• **Problem statement**: Copy each line below exactly and leave the pictures out.

• **Dataset excerpt**:

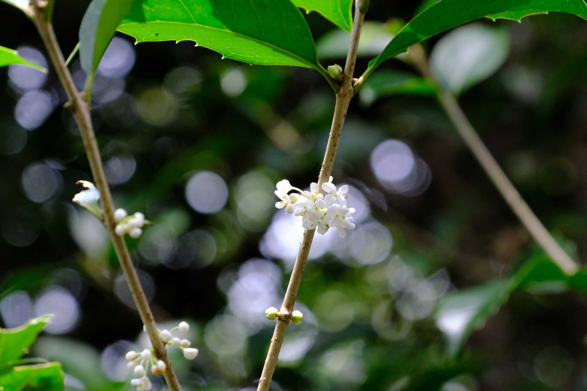 原田マハの合間に東野圭吾の「素敵な日本人」という短編集を読んでいます。SF風のもあれば、ちょっとシニカルな話もあり、短編は読みやすくていいなあと感じています。テレビでは東野圭吾の「危険なビーナス」を放送中ですね。金木犀は終わってしまいましたが、そのあとは、ヒイラギモクセイが楽しませてくれています。純白の花がとてもさわやかです。花は透き通るような白。美しいです。遠くから、何か芳香が漂ってきたので香りのする方へ行って見つけました。金木犀の香りとは異なり、沈丁花に似た感じです。名前の通り、葉っぱはギザギザしてヒイラギみたい。玉ボケきらきら。宙に浮いた一輪。小花がかわいい。(#^.^#)苔の上に散る。風が吹くとはらはらと散っていました。
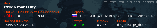 Играет на Counter Strike Global Offensive сервере. Страна: РоссияПервый раз замечен 17:42 29.11.2025
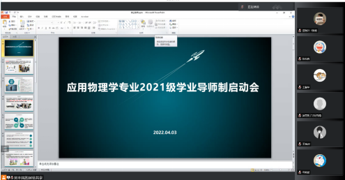 4月3日19时,来自应用物理系和物理教学与实验中心15名学业导师和应用物理学2021级59名学生进行学业导师制线上启动和双向选拔。吴丰民老师主持本次活动,首先对“学业导师制”进行介绍,学业导师制是实施和完善学分制的一种辅助制度,在教师和学生之间建立一种导学关系,实现学生的因材施教和个性化培养,提高学生的综合素质。其次,对实施“学业导师制”的现实需求进行说明,由于现在大学生存在自我认知能力较弱、学习容易迷茫和职业生涯规划意识不强等问题,所以要充分发挥专业教师在大学生学业发展过程中的引领作用,促进学生的全面发展。第三,各位学业导师要明确职责和义务,要以立德树人为主线,引导学生掌握科学的学习方法、培养创新意识和实践能力和关心爱护学生,及时掌握学生各方面动向。第四,强调学业导师每年年底进行考核,由应用物理系和物理教学与实验中心共同负责。最后,进了学生与学业导师的双向选拔。

• **Expected answer**:
 原田マハの合間に東野圭吾の「素敵な日本人」という短編集を読んでいます。SF風のもあれば、ちょっとシニカルな話もあり、短編は読みやすくていいなあと感じています。テレビでは東野圭吾の「危険なビーナス」を放送中ですね。金木犀は終わってしまいましたが、そのあとは、ヒイラギモクセイが楽しませてくれています。純白の花がとてもさわやかです。花は透き通るような白。美しいです。遠くから、何か芳香が漂ってきたので香りのする方へ行って見つけました。金木犀の香りとは異なり、沈丁花に似た感じです。名前の通り、葉っぱはギザギザしてヒイラギみたい。玉ボケきらきら。宙に浮いた一輪。小花がかわいい。(#^.^#)苔の上に散る。風が吹くとはらはらと散っていました。
 Играет на Counter Strike Global Offensive сервере. Страна: РоссияПервый раз замечен 17:42 29.11.2025
 4月3日19时,来自应用物理系和物理教学与实验中心15名学业导师和应用物理学2021级59名学生进行学业导师制线上启动和双向选拔。吴丰民老师主持本次活动,首先对“学业导师制”进行介绍,学业导师制是实施和完善学分制的一种辅助制度,在教师和学生之间建立一种导学关系,实现学生的因材施教和个性化培养,提高学生的综合素质。其次,对实施“学业导师制”的现实需求进行说明,由于现在大学生存在自我认知能力较弱、学习容易迷茫和职业生涯规划意识不强等问题,所以要充分发挥专业教师在大学生学业发展过程中的引领作用,促进学生的全面发展。第三,各位学业导师要明确职责和义务,要以立德树人为主线,引导学生掌握科学的学习方法、培养创新意识和实践能力和关心爱护学生,及时掌握学生各方面动向。第四,强调学业导师每年年底进行考核,由应用物理系和物理教学与实验中心共同负责。最后,进了学生与学业导师的双向选拔。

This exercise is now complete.